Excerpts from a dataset
- Opening Delimiter -
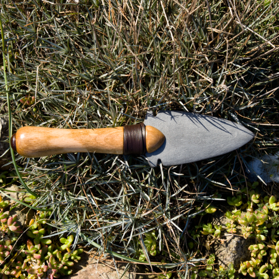 Dekorativní artefat z šedé, jemně vrstvené břidlice s rukojetí
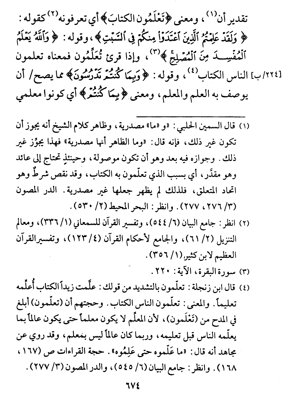 تقدير أن، ومعنى (تَعْلَمُون الكتابَ) أي تعرفونه كقوله:
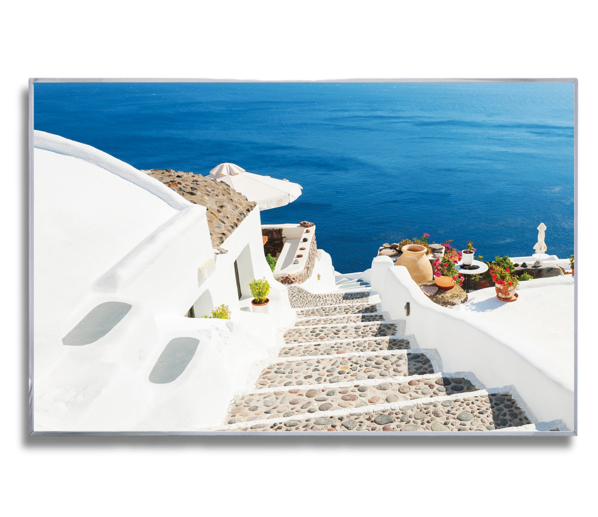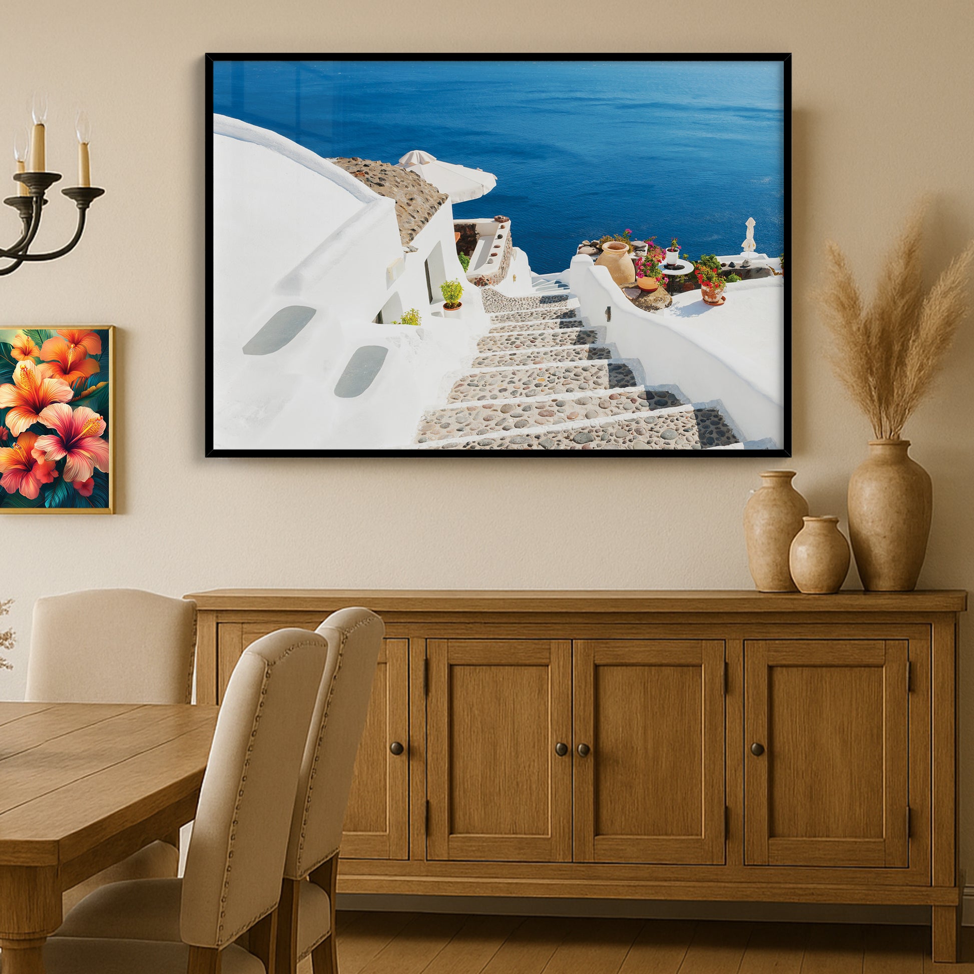 Take a scenic stroll down Santorini’s iconic cliffside stairs with this luxurious wall art. Showcasing traditional whitewashed homes and terracotta pots against a crystal blue sea, this image captures the soul of Greek island beauty.
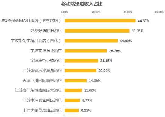 從數據上來看,上榜酒店的移動端渠道收入占比依舊主要集中在10%—40%之間。很多酒店不愿在酒店移動互聯(lián)網直銷化精力而寧愿與OTA渠道合作,主要原因是不知道互聯(lián)網直銷為酒店能帶來怎樣的收益。從這些榜單數據可以清晰的看到,只要酒店用心去做,移動互聯(lián)網直銷渠道將為酒店帶來更多利潤。
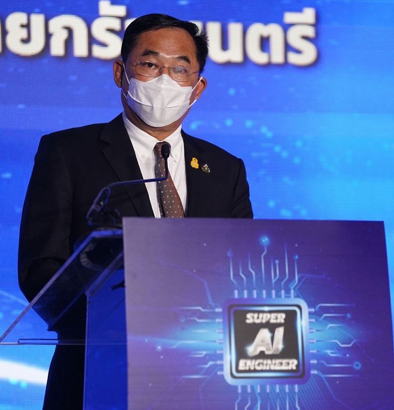 ทั้งนี้ ศ.(พิเศษ)ดร.เอนก ได้กล่าวปาฐกถาพิเศษ เรื่อง การพัฒนาบุคลากรและทรัพยากรด้านปัญญาประดิษฐ์เพื่อการพัฒนาประเทศไทย ว่า ในทุกปีประเทศไทยมีนโยบายเศรษฐกิจและแผนกลยุทธ์ของชาติที่เน้นการสร้างความเข้มแข็งจากของบุคลากร และองค์กรภายใน มีการเตรียมพร้อมที่จะขับเคลื่อนประเทศให้สามารถปรับเปลี่ยนโครงสร้างทางเศรษฐกิจของประเทศไทยสู่เศรษฐกิจดิจิทัล และเชื่อมระหว่างเศรษฐกิจภายในกับเศรษฐกิจโลก ถือได้ว่าเป็นการเพิ่มขีดความสามารถในการแข่งขันและเติบโตทางเศรษฐกิจโดยการใช้เครื่องมือดิจิทัลในการทำงาน ซึ่งความเข้มแข็งภายในนี้จะต้องสร้างขึ้นจากการยกระดับนวัตกรรม ปัญญาประดิษฐ์ หรือ AI ซึ่งถือเป็นศาสตร์ทางดิจิทัลที่สำคัญ ที่หลายๆ ประเทศที่พัฒนาแล้วต่างให้ความสำคัญและนำมาเป็นส่วนหนึ่งของยุทธศาสตร์ชาติ ประเทศไทยก็เช่นเดียวกัน ที่วันนี้ได้เกิดการรวมตัวกันของทุกภาคส่วนในการจัดตั้งสมาพันธ์ปัญญาประดิษฐ์ประเทศไทย หรือ AI Thailand Consortiumที่ประกอบไปด้วย 5 องค์กร ได้แก่ สำนักงานพัฒนารัฐบาลดิจิทัล (องค์การมหาชน) สพร.ในฐานะองค์กรภาครัฐศูนย์เทคโนโลยีอิเล็กทรอนิกส์และคอมพิวเตอร์แห่งชาติ (เนคเทค) ในฐานะองค์กรภาคการวิจัย สมาคมสภาคณบดีคณะเทคโนโลยีสารสนเทศ ประเทศไทย(CITT) ในฐานะองค์กรภาคการศึกษา สมาคมผู้ประกอบการปัญญาประดิษฐ์ประเทศไทย (AIEAT) ในฐานะองค์กรภาคเอกชน และสมาคมปัญญาประดิษฐ์ประเทศไทย (AIAT) ในฐานะองค์กรภาคประชาสังคม เพื่อสร้างและบริหารจัดการทรัพยากรด้านปัญญาประดิษฐ์ร่วมกัน โดยมุ่งเน้นการจัดทำแพลตฟอร์มปัญญาประดิษฐ์กลางของประเทศไทย (AI Thailand Platform) การสร้างทรัพยากรให้กับประเทศเพื่อใช้งานทั้งในภาครัฐและภาคเอกชน ซึ่งจะนำไปสู่การกระตุ้นให้เกิดการสร้างอุตสาหกรรมปัญญาประดิษฐ์ในประเทศไทยในอนาคต
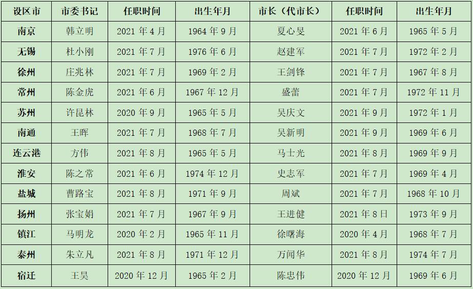 江蘇13個(gè)設(shè)區(qū)市書記市長(zhǎng)名單及任職時(shí)間
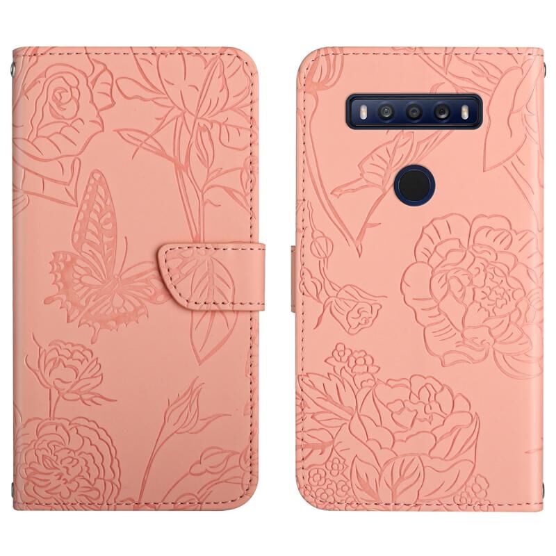 Θήκη τηλεφώνου από δέρμα με ανάγλυφο σχέδιο πεταλούδας και παιώνιας για TCL 10 SE (Κόκκινο)
- Closing Delimiter -
Exact copy, pictures omitted: every line from the one holding "江蘇13個(gè)設(shè" through the last line of the data above, and nothing else.

- [Answer box]:
 江蘇13個(gè)設(shè)區(qū)市書記市長(zhǎng)名單及任職時(shí)間
 Θήκη τηλεφώνου από δέρμα με ανάγλυφο σχέδιο πεταλούδας και παιώνιας για TCL 10 SE (Κόκκινο)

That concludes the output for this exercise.